Bir kez tüketildiğinde, beynin kan dolaşımını vücudun geri kalanının akımından ayıran kan-beyin bariyerini aşarak beyin bölgelerine kolayca erişir.
Bu maddenin sentezinin beynin küçük bir endokrin bölgesi olan epifiz bezinde yapılabileceği varsayılmaktadır.
Ayrıca, DMT'nin SIMA-1 reseptörünün bir düzenleyicisi olarak insan sinir sisteminde temel bir rol oynadığı keşfedilmiştir, ancak bu ilacın geliştirdiği spesifik beyin etki mekanizması henüz detaylandırılmamıştır.
Endojen bir madde olarak DMT
Bu maddenin beynin epifiz bezinde hareket edebildiğinin keşfi, sadece ilacın bazı etkilerini bilmekle kalmadı, aynı zamanda DMT maddesinin beyin tarafından doğal olarak üretildiğini bilmemizi sağladı.
DMT'yi sadece bitkilerde veya bitki elementlerinde bulmuyoruz, aynı zamanda insanlar da bu maddeyi vücudumuzda normal bir şekilde salgılıyor. Özellikle DMT, diensefalonun çatısındaki bir bölge olan ve popüler olarak "üçüncü göz" olarak bilinen epifiz bezi tarafından üretilir.
Bu bezin temel işlevi, uyanık uyku döngüsünü düzenleyen bir gerçek olan ışık olmadığında melatonin üretmektir. Aynı şekilde, epifiz bezi de duyusal aktiviteler gerçekleştirir ve gözler aracılığıyla yakalanan ışık bilgisinin dönüştürülmesini sağlayan ana görsel yollardan biri olarak kabul edilir.
Öte yandan önemli bir antioksidan güce sahip, timustaki kanser hücrelerinin apoptoz sürecine katılan, endokrin ve büyüme ile ilgili yönleri kontrol eden bir bölgedir.
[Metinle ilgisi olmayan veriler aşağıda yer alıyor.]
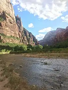 The beginning of the canyon is usually delineated as the Temple of Sinawava, a vertical-walled natural amphitheater nearly 3,000 feet (910 m) deep. The canyon begins much further upstream, however, and runs southward about 16 miles (26 km) through the Narrows to reach the Temple, where a seasonal tributary of the North Fork plunges over a tall waterfall during spring runoff and after heavy rain. The gorge then runs southwest through the national park, approaching 2,000 feet (610 m) deep in places. While the canyon rim is dominated by desert, the canyon floor supports a forest and riparian zone watered by the North Fork Virgin River. The gorge then merges with Pine Creek Canyon as it winds out of the national park and past the community of Springdale, Utah. The canyon's end is where it meets the Virgin River; some 100 miles (160 km) northeast of Lake Mead, into which the river ultimately flows.[2][3]

Son olarak, epifiz bezi, uykunun görsel etkilerini üretmekten, iç bilinci güçlendirmekten ve zaman ve gerçeklik kavramını kontrol etmekten sorumlu olan Dimetiltriptamin'i yani DMT'yi üretir.
Bu madde beyin tarafından normal olarak küçük miktarlarda salgılanır, ancak DMT tüketildiğinde, ilaç endojen dimetiltriptamine "eklenir".
Bu gerçek, ilacın etkilerinin büyük bir bölümünü açıklayacaktır çünkü bu maddenin kontrol ettiği işlevler, ilacın girişi ve epifiz bezindeki DMT miktarındaki büyük artışla değişecektir.
Referanslar
- Casas M, Collazos F, Ramos-Quiroga JA, Roncero C.Uyuşturucu bağımlılığının psikofarmakolojisi. Barselona: Promedic; 2002.
- (2006). 2004 yıllık raporu. AB ve Norveç'te uyuşturucu bağımlılığı sorunu.
- Gifford, E. ve Humphreys, K. (2007). Bağımlılığın psikolojik bilimi. Bağımlılık, 102, 352-361.
- Alexander ve Ann Shulguin. Tanıdığım ve Sevdiğim Triptaminler: Kimya Devam Ediyor. DıPT.